3. Fractional Shares. The Company shall not be required upon the
exercise of this Warrant to issue any fractional shares, but shall make an
adjustment thereof in cash on the basis of the last sale price of the Warrant
Shares on the over-the-counter market as reported by Nasdaq or on a national
securities exchange on the trading day immediately prior to the date of
exercise, whichever is applicable, or if neither is applicable, then on the
basis of the then fair market value of the Warrant Shares as shall be reasonably
determined by the Board of Directors of the Company.

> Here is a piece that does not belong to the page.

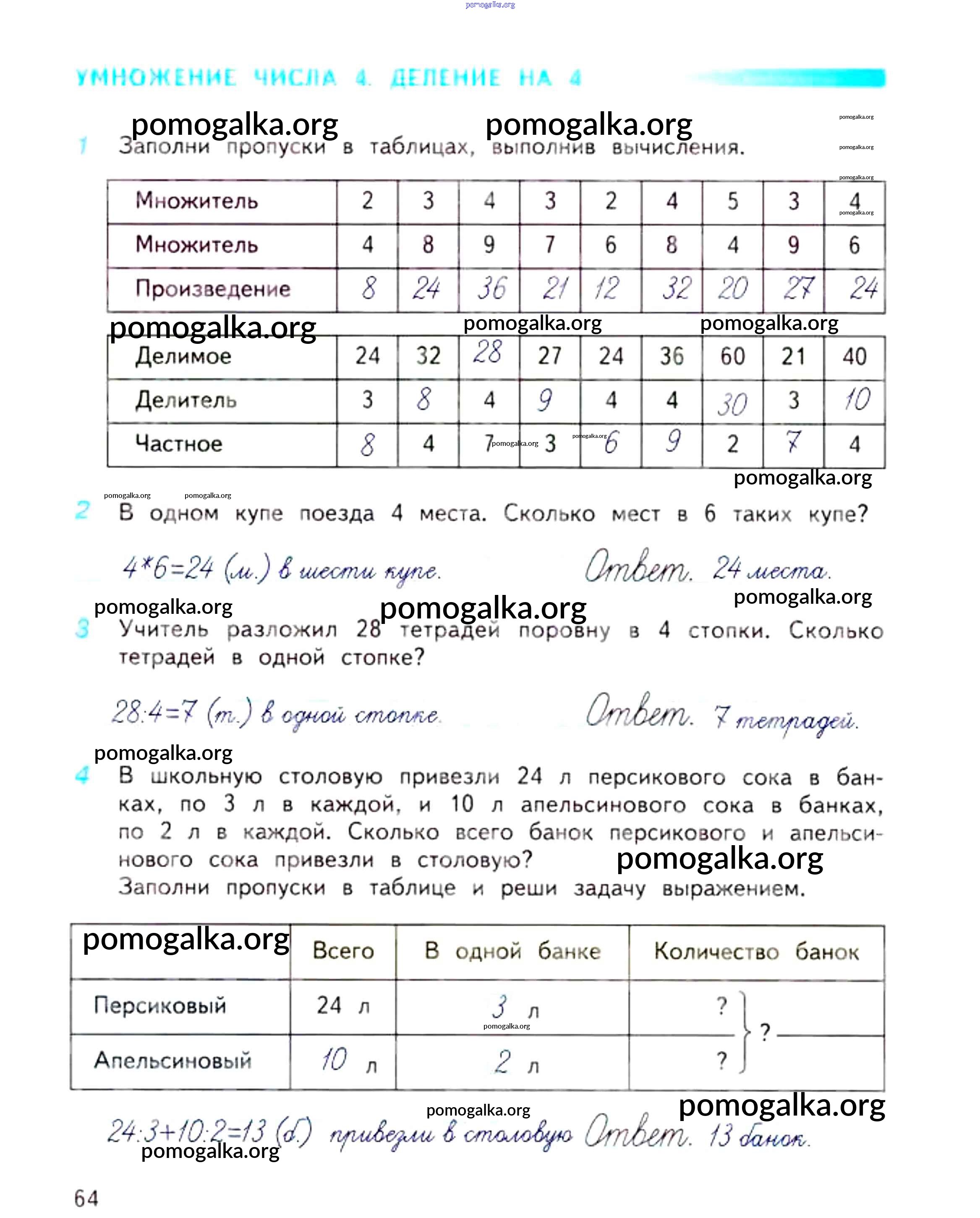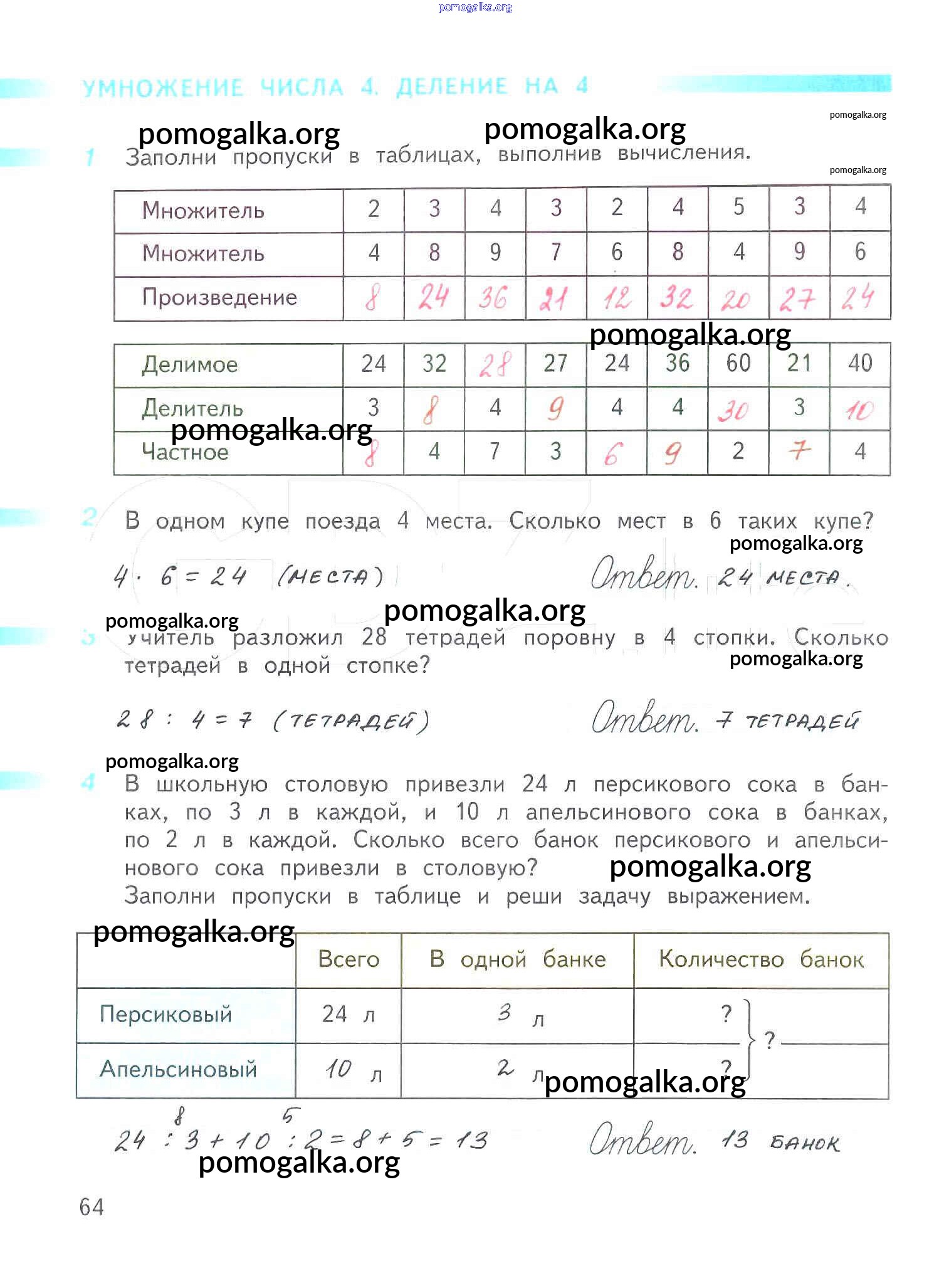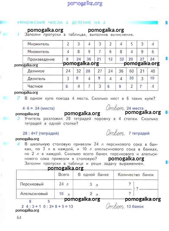 Готовые ответы - Математика 3 класс рабочая тетрадь Дорофеев Г.В. - часть 1. страница 64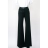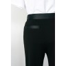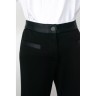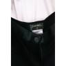 CHANEL - 2005 PANTALON en épais crêpe artificiel stretch noir, taille et poches soulignés de satin de soie, bouton siglé

4. Limitation on Sales. Each holder of this Warrant acknowledges that
this Warrant and the Warrant Shares, as of the date of original issuance of this
Warrant, have not been registered under the Securities Act of 1933, as amended
("Act"), and agrees not to sell, pledge, distribute, offer for sale, transfer or
otherwise dispose of this Warrant or any Warrant Shares issued upon its exercise
in the absence of (a) an effective registration statement under the Act as to
this Warrant or such Warrant Shares or (b) an opinion of counsel, satisfactory
to the Company, that such registration and qualification are not required. The
Warrant Shares issued upon exercise thereof shall be imprinted with a legend in
substantially the following form:
"THE SECURITIES REPRESENTED BY THIS CERTIFICATE HAVE NOT BEEN REGISTERED
UNDER THE SECURITIES ACT OF 1933, AS AMENDED (THE "ACT") OR APPLICABLE STATE
SECURITIES LAWS AND MAY NOT BE OFFERED, SOLD, TRANSFERRED, PLEDGED,
HYPOTHECATED, ASSIGNED OR OTHERWISE DISPOSED OF EXCEPT PURSUANT TO AN EFFECTIVE
REGISTRATION STATEMENT UNDER THE ACT AND IN COMPLIANCE WITH ANY APPLICABLE STATE
SECURITIES LAWS OR IN A TRANSACTION WHICH IS EXEMPT FROM REGISTRATION UNDER THE
ACT AND ANY APPLICABLE STATE SECURITIES LAWS."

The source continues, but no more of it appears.